Reproduce the line with "#絵描きさん交流会 #𝕏交流会会場 twitter.com/mii46865627/st…" and everything after it in the listing below, exactly, both ends included. No pictures.

— EXERCISE DATA —
• • • • • • •
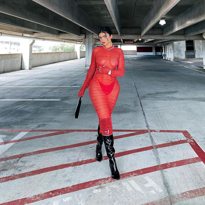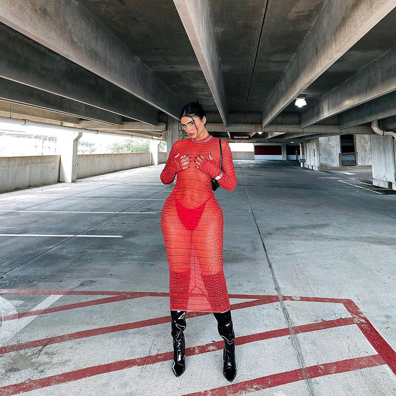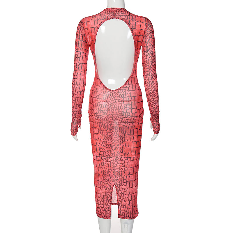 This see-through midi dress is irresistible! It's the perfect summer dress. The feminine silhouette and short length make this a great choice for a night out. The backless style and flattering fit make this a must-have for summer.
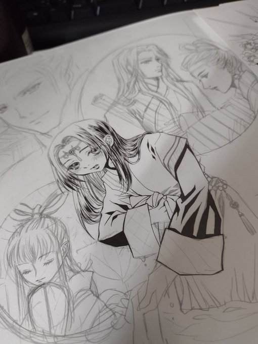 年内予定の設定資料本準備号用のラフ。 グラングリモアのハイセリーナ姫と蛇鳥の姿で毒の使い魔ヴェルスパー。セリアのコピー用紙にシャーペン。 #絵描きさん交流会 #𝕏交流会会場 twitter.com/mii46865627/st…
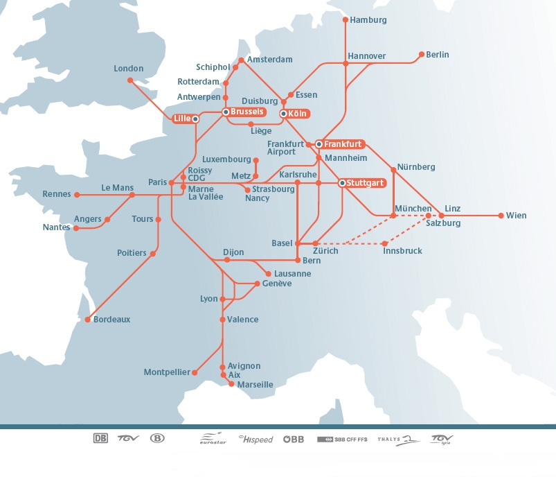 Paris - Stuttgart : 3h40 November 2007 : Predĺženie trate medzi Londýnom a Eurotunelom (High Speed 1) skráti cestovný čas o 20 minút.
• • • • • • •
— EXERCISE OUTPUT —
 年内予定の設定資料本準備号用のラフ。 グラングリモアのハイセリーナ姫と蛇鳥の姿で毒の使い魔ヴェルスパー。セリアのコピー用紙にシャーペン。 #絵描きさん交流会 #𝕏交流会会場 twitter.com/mii46865627/st…
 Paris - Stuttgart : 3h40 November 2007 : Predĺženie trate medzi Londýnom a Eurotunelom (High Speed 1) skráti cestovný čas o 20 minút.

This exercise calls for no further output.